- PROVIDED DATA
BEGIN
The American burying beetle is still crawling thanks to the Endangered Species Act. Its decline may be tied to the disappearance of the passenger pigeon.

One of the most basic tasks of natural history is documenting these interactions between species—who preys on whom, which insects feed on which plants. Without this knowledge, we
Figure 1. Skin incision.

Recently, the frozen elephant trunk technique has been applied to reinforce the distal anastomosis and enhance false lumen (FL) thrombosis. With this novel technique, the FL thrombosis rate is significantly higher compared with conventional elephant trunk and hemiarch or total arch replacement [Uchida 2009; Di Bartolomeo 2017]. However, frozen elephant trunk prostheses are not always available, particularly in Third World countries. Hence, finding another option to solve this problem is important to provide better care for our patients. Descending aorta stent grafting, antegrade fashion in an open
END
BEGIN
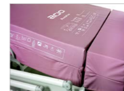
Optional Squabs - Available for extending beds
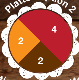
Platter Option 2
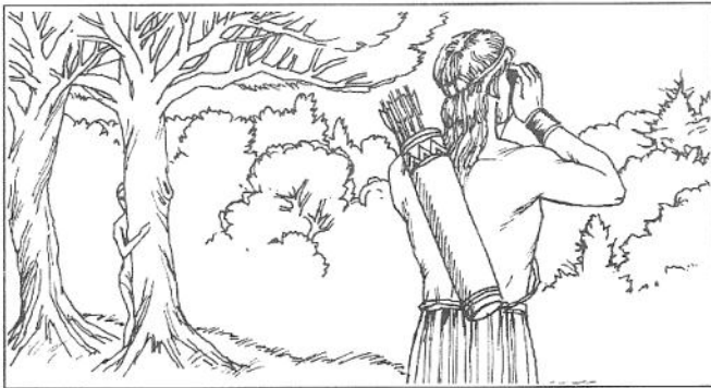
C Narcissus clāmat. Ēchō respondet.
END
- PROBLEM TO SOLVE
Above, find the line with "Platter Option 2"; copy it and every line down to the line with "C Narcissus clāmat. Ēchō respondet.", exactly and both included, but no pictures.

- RESULT
Platter Option 2
C Narcissus clāmat. Ēchō respondet.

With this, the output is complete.